PROVIDED ENTRIES:
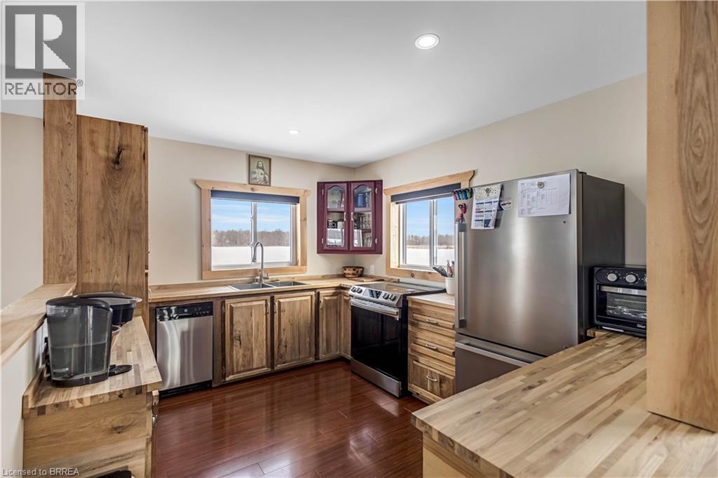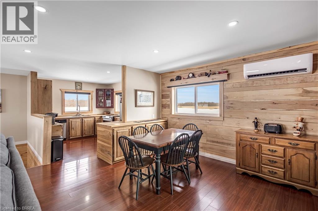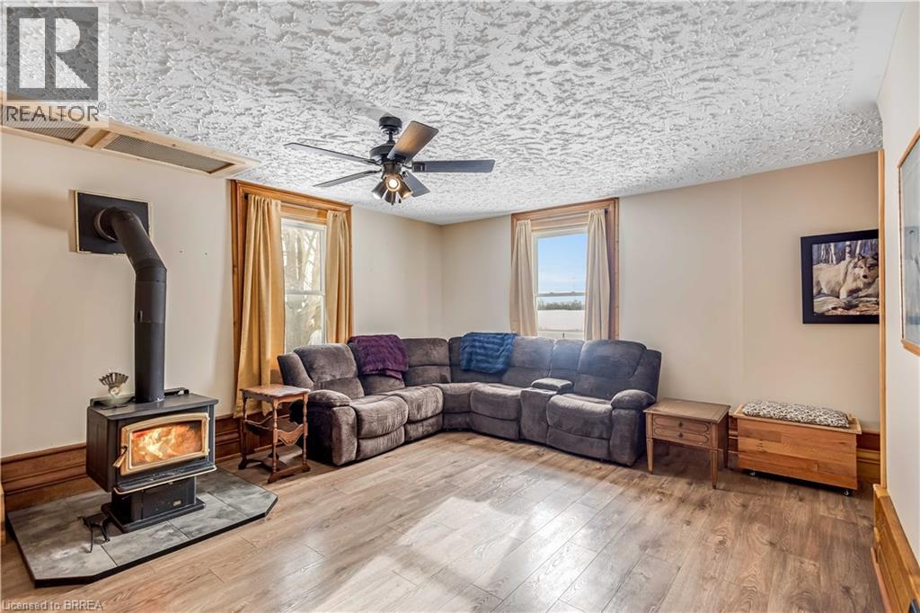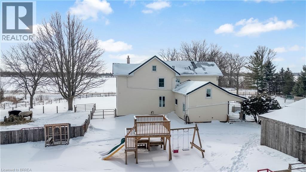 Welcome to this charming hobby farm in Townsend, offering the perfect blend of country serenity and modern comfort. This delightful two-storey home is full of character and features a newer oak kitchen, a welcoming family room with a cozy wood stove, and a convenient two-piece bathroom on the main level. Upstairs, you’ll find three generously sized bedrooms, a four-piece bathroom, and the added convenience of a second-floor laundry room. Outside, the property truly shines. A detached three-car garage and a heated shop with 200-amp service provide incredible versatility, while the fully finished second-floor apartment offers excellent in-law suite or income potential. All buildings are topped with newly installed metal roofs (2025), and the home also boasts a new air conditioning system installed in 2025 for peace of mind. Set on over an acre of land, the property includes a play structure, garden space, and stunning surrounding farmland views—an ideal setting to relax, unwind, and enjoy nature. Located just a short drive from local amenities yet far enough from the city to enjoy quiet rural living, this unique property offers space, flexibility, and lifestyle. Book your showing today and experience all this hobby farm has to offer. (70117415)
...
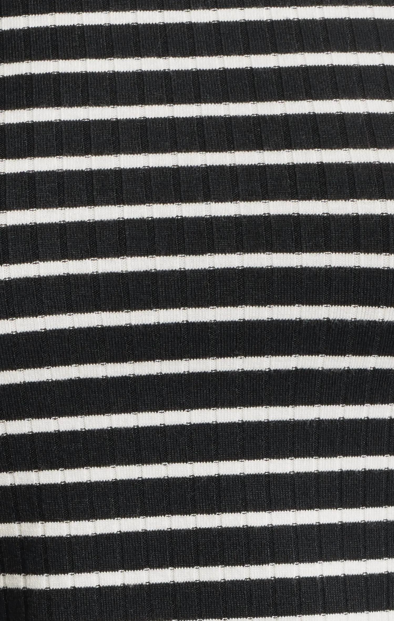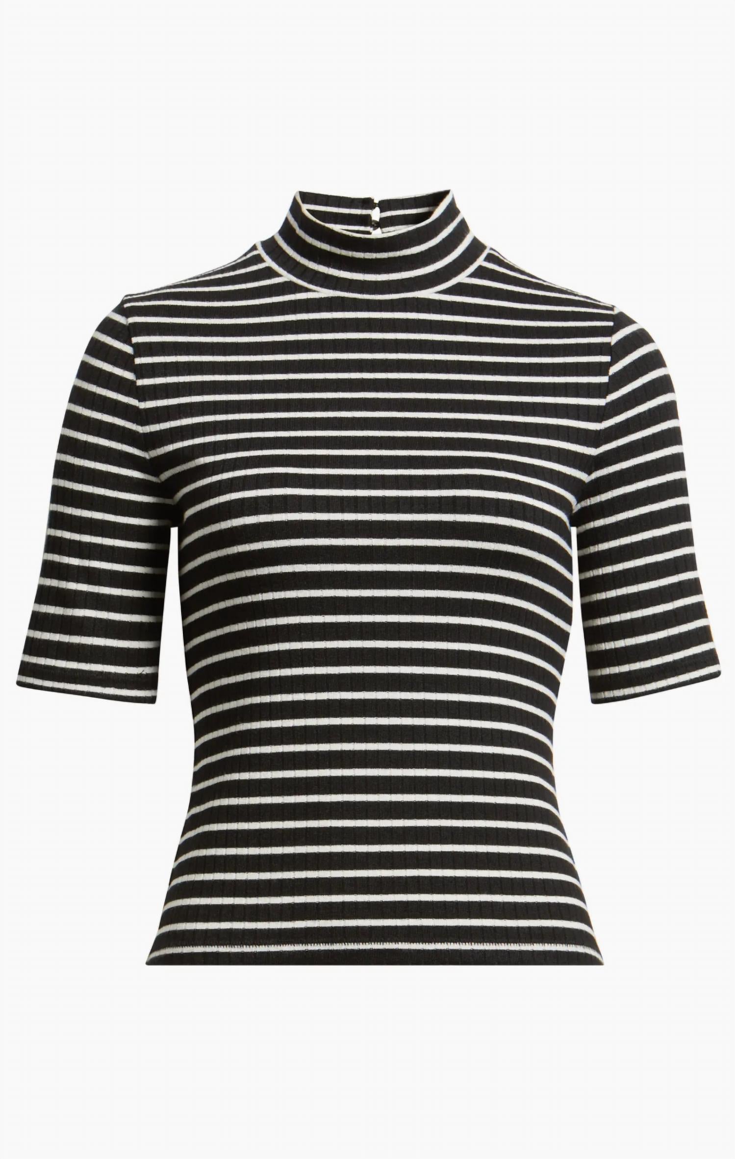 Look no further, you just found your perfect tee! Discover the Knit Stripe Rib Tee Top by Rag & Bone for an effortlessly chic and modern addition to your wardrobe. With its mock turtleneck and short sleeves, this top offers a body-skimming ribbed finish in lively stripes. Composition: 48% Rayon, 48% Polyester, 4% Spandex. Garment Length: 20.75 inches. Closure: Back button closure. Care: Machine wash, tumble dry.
==
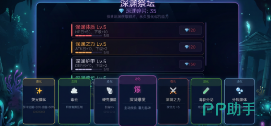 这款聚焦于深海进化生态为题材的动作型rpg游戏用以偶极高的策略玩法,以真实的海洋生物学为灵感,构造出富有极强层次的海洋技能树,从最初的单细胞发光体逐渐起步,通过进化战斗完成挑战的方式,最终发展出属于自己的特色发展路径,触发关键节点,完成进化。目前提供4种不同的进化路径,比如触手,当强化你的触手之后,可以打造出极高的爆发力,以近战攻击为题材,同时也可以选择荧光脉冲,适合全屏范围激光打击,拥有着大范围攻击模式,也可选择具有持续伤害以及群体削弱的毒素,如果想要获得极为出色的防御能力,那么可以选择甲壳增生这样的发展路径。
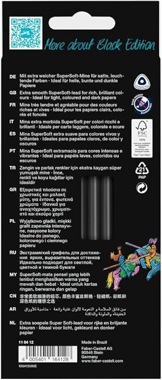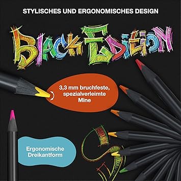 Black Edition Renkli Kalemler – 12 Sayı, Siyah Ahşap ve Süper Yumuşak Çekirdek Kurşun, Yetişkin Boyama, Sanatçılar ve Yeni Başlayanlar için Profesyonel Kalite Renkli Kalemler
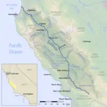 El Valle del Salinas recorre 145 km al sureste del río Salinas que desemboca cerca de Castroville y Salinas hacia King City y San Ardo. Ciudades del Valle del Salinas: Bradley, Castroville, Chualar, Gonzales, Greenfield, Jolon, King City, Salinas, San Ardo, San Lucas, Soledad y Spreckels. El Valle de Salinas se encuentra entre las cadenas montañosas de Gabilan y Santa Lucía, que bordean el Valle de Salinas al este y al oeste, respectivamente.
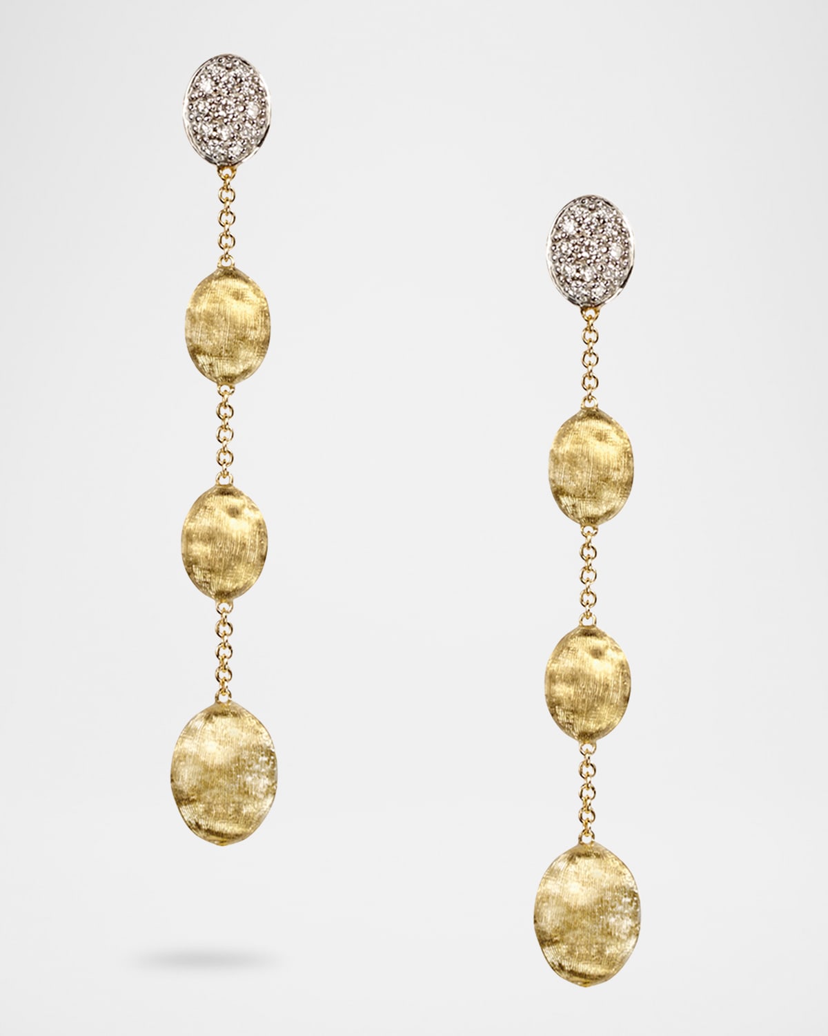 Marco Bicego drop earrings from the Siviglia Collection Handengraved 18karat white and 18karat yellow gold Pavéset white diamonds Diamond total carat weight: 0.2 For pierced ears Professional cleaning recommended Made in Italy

PROBLEM STATEMENT: Lines from the one above containing "Black Edition Renkli" down to the one containing "Marco Bicego drop" should be transcribed exactly, with both ends kept and no pictures.

ANSWER TO THIS EXERCISE:
 Black Edition Renkli Kalemler – 12 Sayı, Siyah Ahşap ve Süper Yumuşak Çekirdek Kurşun, Yetişkin Boyama, Sanatçılar ve Yeni Başlayanlar için Profesyonel Kalite Renkli Kalemler
 El Valle del Salinas recorre 145 km al sureste del río Salinas que desemboca cerca de Castroville y Salinas hacia King City y San Ardo. Ciudades del Valle del Salinas: Bradley, Castroville, Chualar, Gonzales, Greenfield, Jolon, King City, Salinas, San Ardo, San Lucas, Soledad y Spreckels. El Valle de Salinas se encuentra entre las cadenas montañosas de Gabilan y Santa Lucía, que bordean el Valle de Salinas al este y al oeste, respectivamente.
 Marco Bicego drop earrings from the Siviglia Collection Handengraved 18karat white and 18karat yellow gold Pavéset white diamonds Diamond total carat weight: 0.2 For pierced ears Professional cleaning recommended Made in Italy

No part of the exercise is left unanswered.